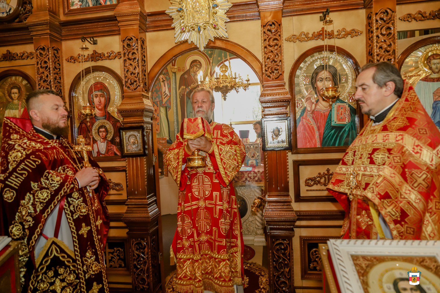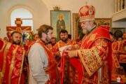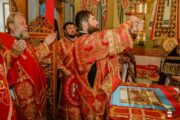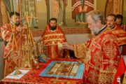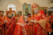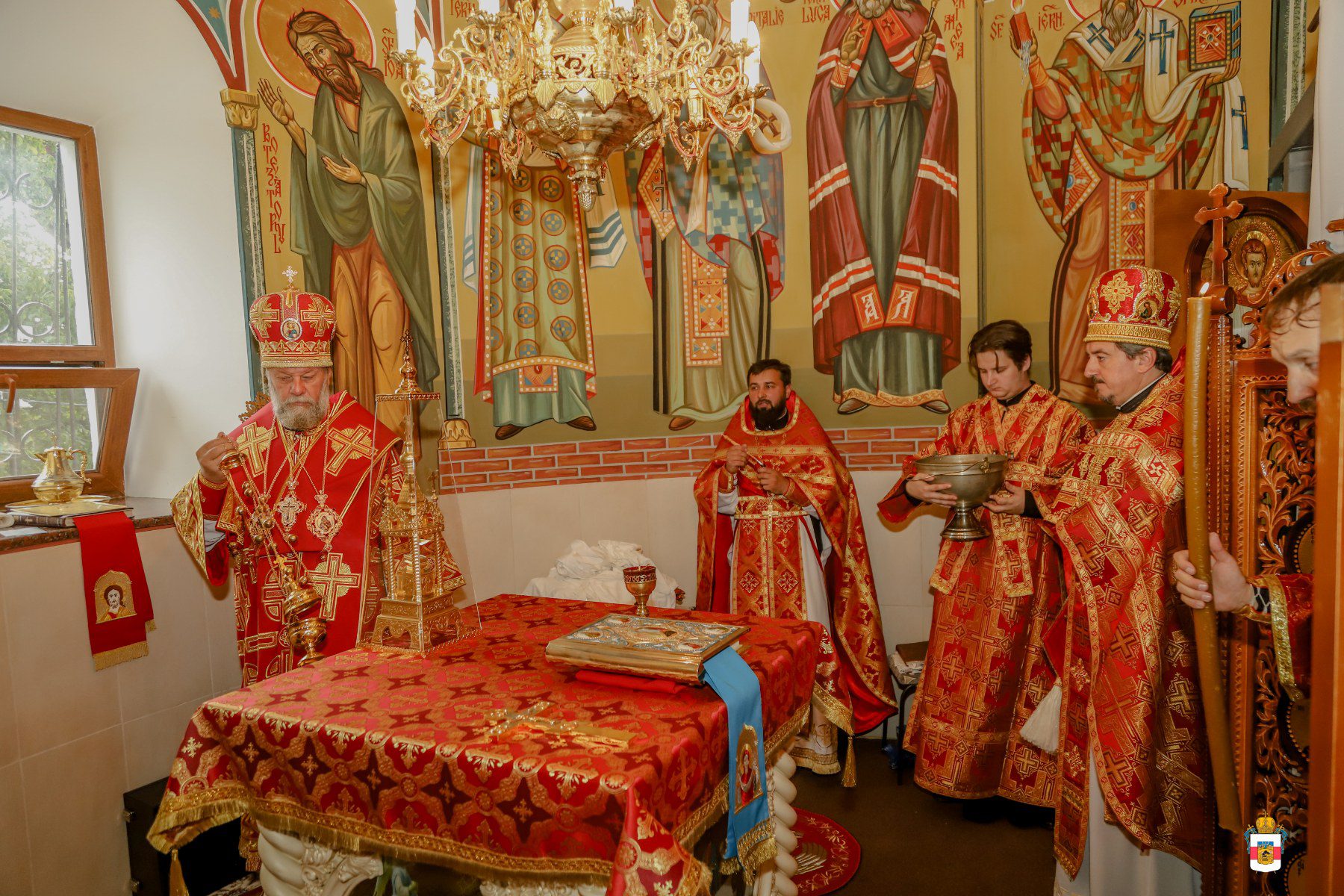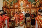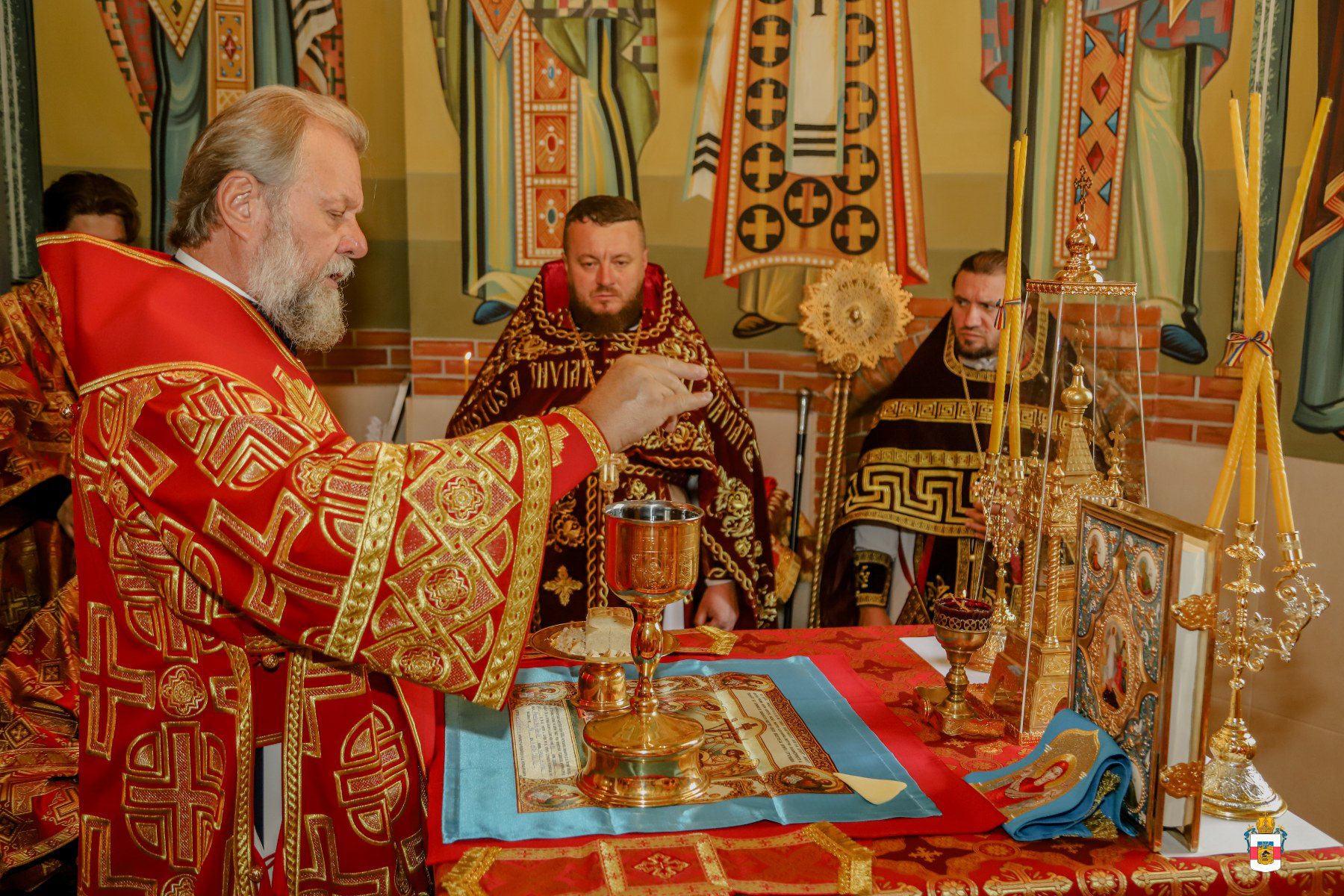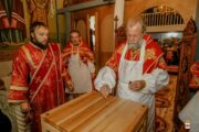 A urmat slujba de sfințire a noului prestol, după care Întâistătătorul a dat binecuvântare pentru Sfânta Liturghie.
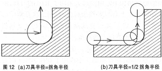 在數控高速切削加工中, 刀具軌跡拐角的處理是十分重要的, 因為即使切削深度很淺, 進給速度和走刀軌跡的劇烈變化也是造成刀具破損的重要原因之一。 為避免這種情況, 應調整進給速度, 從而調整每一個刀刃的切削量( 圖 11) , 在圖中的拐角處, UG NX3.0 采用了分步減速的方法。同時要避免刀具軌跡的劇烈變化( 圖 12) , 圖中的圓角如果用等半徑的刀具直接加工, 如圖 4- 12 ( a) 所示, 則進給方向發生突變勢必會使機床負荷猛然增加, 所以, 加工這種類型的圓倒角最好是使用較小半徑的刀具, 一般情況下刀具半徑最好為圓倒角幾何尺寸的 70%或更小, 這樣可使拐角處的切削刀具進給方向變化平滑, 避免刀具的突然轉向, 見圖 4- 12b) 。使用小直徑刀具加工和直接切入拐角相比,機床負荷可以降低 3 倍左右。
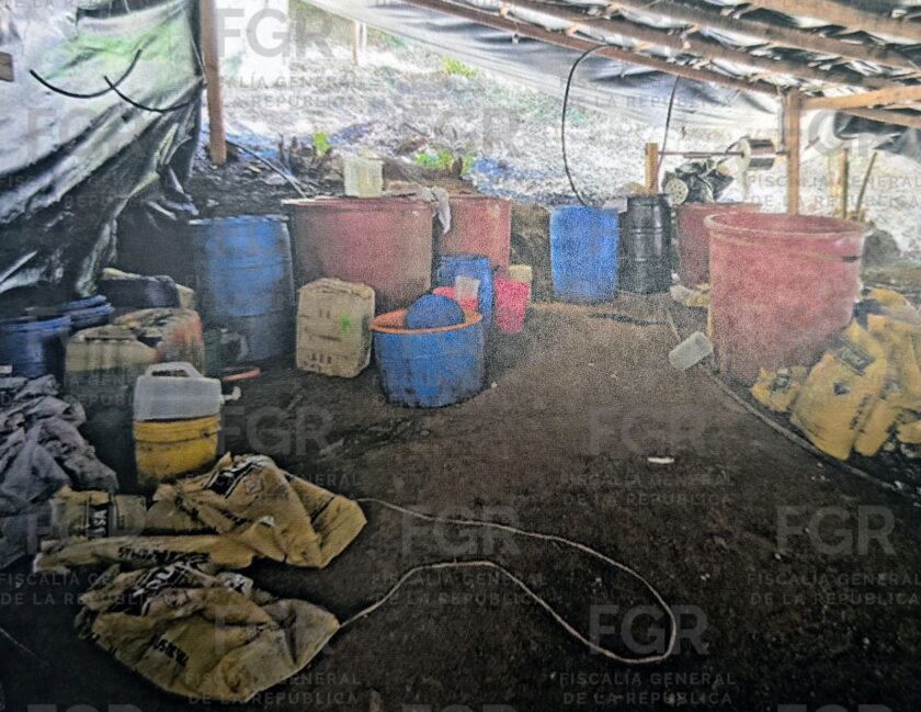 En el predio se encontraron inicialmente: 15 tanques de gas, 45 recipientes de plástico vacíos de distintas capacidades, 25 tambos vacíos, 72 bidones vacíos, dos hornos artesanales, un tinaco de mil 100 litros vacío, 27 bidones de 20 litros con sustancia líquida y 13 costales de 25 kilos con hidróxido de sodio.
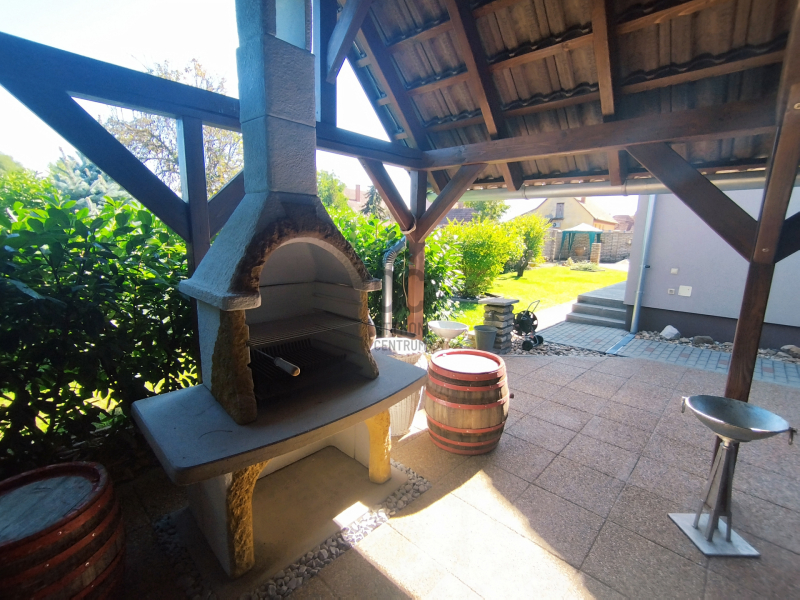 A parkosított kertben új grillező kapott helyet, a telek hátsó részében

··········

Task details
The answer is the listing above repeated verbatim, minus its images.

Response box
 A urmat slujba de sfințire a noului prestol, după care Întâistătătorul a dat binecuvântare pentru Sfânta Liturghie.
 在數控高速切削加工中, 刀具軌跡拐角的處理是十分重要的, 因為即使切削深度很淺, 進給速度和走刀軌跡的劇烈變化也是造成刀具破損的重要原因之一。 為避免這種情況, 應調整進給速度, 從而調整每一個刀刃的切削量( 圖 11) , 在圖中的拐角處, UG NX3.0 采用了分步減速的方法。同時要避免刀具軌跡的劇烈變化( 圖 12) , 圖中的圓角如果用等半徑的刀具直接加工, 如圖 4- 12 ( a) 所示, 則進給方向發生突變勢必會使機床負荷猛然增加, 所以, 加工這種類型的圓倒角最好是使用較小半徑的刀具, 一般情況下刀具半徑最好為圓倒角幾何尺寸的 70%或更小, 這樣可使拐角處的切削刀具進給方向變化平滑, 避免刀具的突然轉向, 見圖 4- 12b) 。使用小直徑刀具加工和直接切入拐角相比,機床負荷可以降低 3 倍左右。
 En el predio se encontraron inicialmente: 15 tanques de gas, 45 recipientes de plástico vacíos de distintas capacidades, 25 tambos vacíos, 72 bidones vacíos, dos hornos artesanales, un tinaco de mil 100 litros vacío, 27 bidones de 20 litros con sustancia líquida y 13 costales de 25 kilos con hidróxido de sodio.
 A parkosított kertben új grillező kapott helyet, a telek hátsó részében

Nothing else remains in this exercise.